- Hands-On Q-Learning with Python
- Nazia Habib
- 513字
- 2021-06-24 15:13:08
What is RL?
An RL agent is an optimization process that learns from experience, using data from its environment that it has collected through its own observations. It starts out knowing nothing about a task explicitly, learns by trial and error about what happens when it makes decisions, keeps track of successful decisions, and makes those same decisions under the same circumstances in the future.
In fields other than AI, RL is also referred to as dynamic programming. It takes much of its basic operating structure from behavioral psychology, and many of its mathematical constructs such as utility functions are taken from fields such as economics and game theory.
Let's get familiar with some key concepts in RL:
- Agent: This is the decision-making entity.
- Environment: This is the world in which the agent operates, such as a game to win or task to accomplish.
- State: This is where the agent is in its environment. When you define the states that an agent can be in, think about what it needs to know about its environment. For example, a self-driving car will need to know whether the next traffic light is red or green and whether there are pedestrians in the crosswalk; these are defined as state variables.
- Action: This is the next move that the agent chooses to take.
- Reward: This is the feedback that the agent gets from the environment for taking that action.
- Policy: This is a function to map the agent's states to its actions. For your first RL agent, this will be as simple as a lookup table, called the Q-table. It will operate as your agent's brain.

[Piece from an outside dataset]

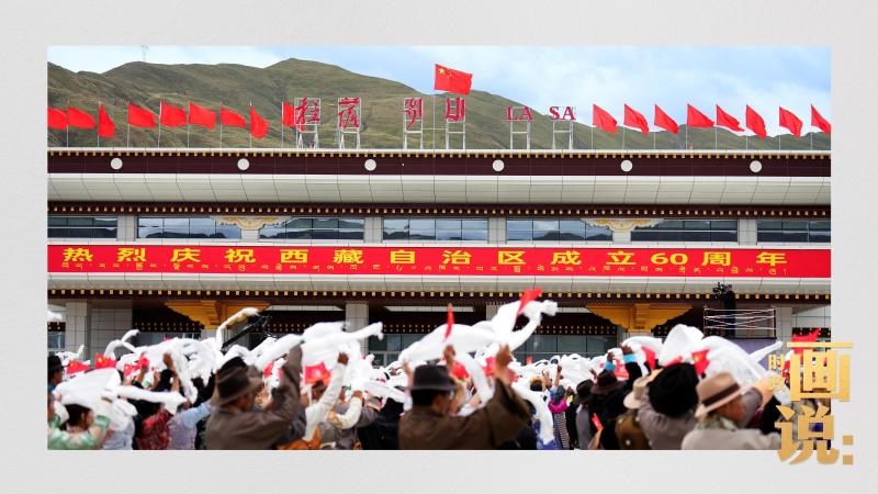 中共中央总书记、国家主席、中央军委主席习近平率中央代表团20日中午乘专机抵达拉萨,出席西藏自治区成立60周年庆祝活动。在机场和拉萨市区,习近平总书记受到西藏各族群众的热烈欢迎。

- Value: This is the future reward that an agent would receive by taking an action based on the future actions it could take. This is separate from the immediate reward it will get from taking that action (the value is also commonly called the utility).
The first type of RL agent that you will create is a model-free agent. A model-free RL agent does not know anything about a state that it has not seen, and so will not be able to estimate the value of the reward that it will receive from an unknown state. In other words, it cannot generalize about its environment. We will explore the differences between model-free learning and model-based learning in greater depth later in the book.
The two major model-free RL algorithms are called Q-learning and state-action-reward-state-action (SARSA). The algorithm that we will use throughout the book is Q-learning.
As we will see in the SARSA versus Q-learning – on-policy or off? section comparing the two algorithms, Q-learning can be treated as a variant of SARSA. We choose to use Q-learning as our introductory RL algorithm because it is relatively simple and straightforward to learn. As we build on and increase our RL skills, we can branch out into other algorithms that may be more complicated to learn, but they will give us better results.